Acknowledgment: This work is supported by the National Science Foundation under Grant No. 1850117, Adobe Research, and the NaphCare Charitable Foundation.

Conference: The Asia-Pacific Chapter of the Association for Computational Linguistics. AACL IJCNLP 2022. Oral presentation (acceptance rate: 63/554 = 11.4%).

Figure 1: Many words labeled as important by humans such as “stepping“, “stone” (in SST) or “hot“, “air” (in e-SNLI) are deemed unimportant by Input Marginalization (IM$_0$). Here, the color map is: negative -1, neutral 0, positive +1. Even when randomizing the classifier’s weights three times, the IM attribution of these words remains unchanged at near zero (IM$_1$ to IM$_3$). That is, these words are highly predictable by BERT (e.g. 0.9793 for stepping). Therefore, when marginalizing over the top-$k$ BERT candidates (e.g. “stepping”, “rolling”, “casting”), the IM attribution for these low-entropy words tends to zero, leading to heatmaps that are (1) biased, (2) (2) less accurate, and (3) less plausible than those of Leave-One-Out (LOO empty).

Figure 2: Aligned with Kim et al. (2020), IM is the best method, outperforming LOO baselines under AUC rep . In contrast, IM is also the worst method under AUC. For both metrics, lower is better.

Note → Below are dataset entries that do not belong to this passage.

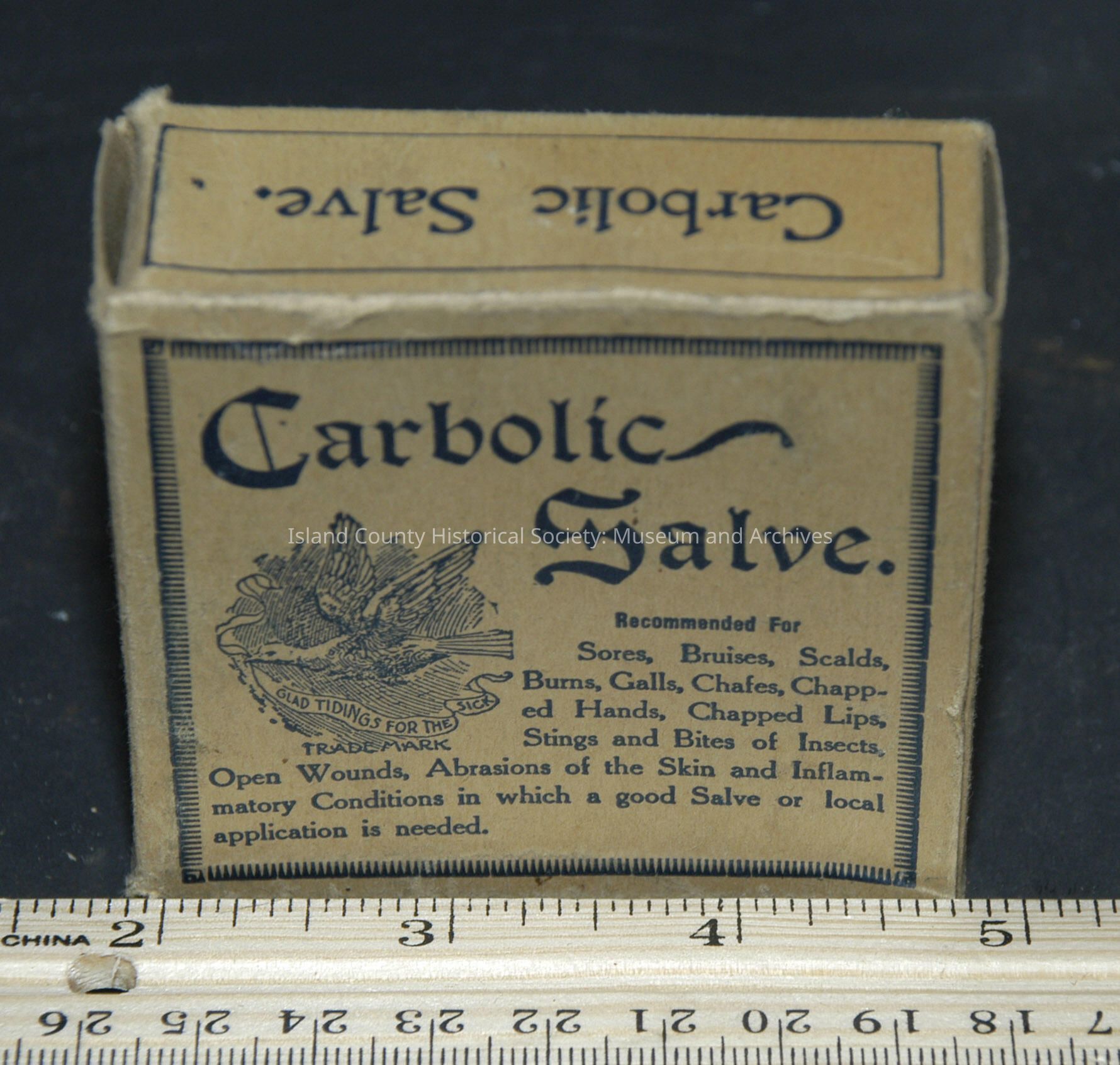 tin in box - 2 1/2" diameter - James F. Ballard - Carbolic Salve - salve - full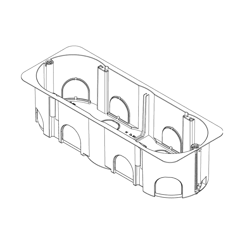 Flush mounting box Vimar 6/7 modules for light walls, light blue colour.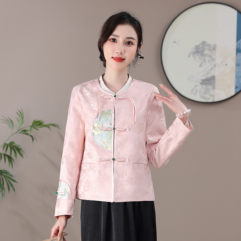 التوت الحرير قميص جديد النمط الصيني النمط الوطني قصيرة المرأة معطف الخريف خمر شرابة مشبك تانغ المطرزة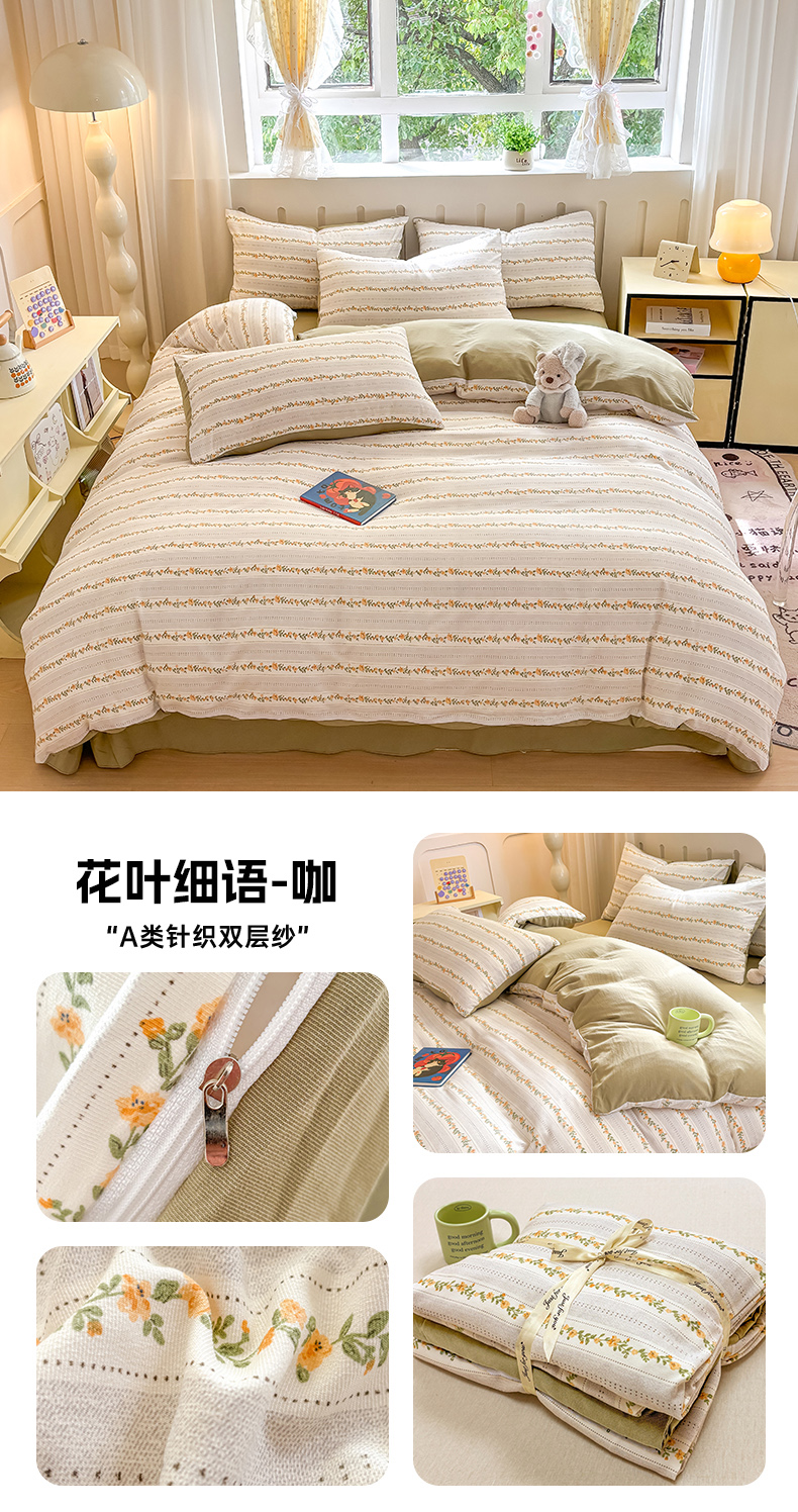当前位置: 91家纺网 > 商品网购 > 床品套件 > 四件套 > 其它四件套 > 玖明2025新款A类加厚柔软针织棉双层纱四件套 花叶细语-咖

Figure 3: Both LOO and IM substantially outperform the random baseline (c). However, on average, LOO outperforms IM across both ROAR and ROAR-BERT variant (that uses BERT to replace top-N tokens instead of deleting them).

 

Figure 4: Compared to IM, LOO is substantially more consistent with human annotations over all three datasets. Note that the gap between LOO empty and IM is ∼3× wider when comparing AMs with the e-SNLI tokens that at least three annotators label “important” (i.e. L3), compared to L2 (higher is better). LIME BERT explanations are slightly less consistent with human highlights than those of LIME despite their counterfactuals being more realistic.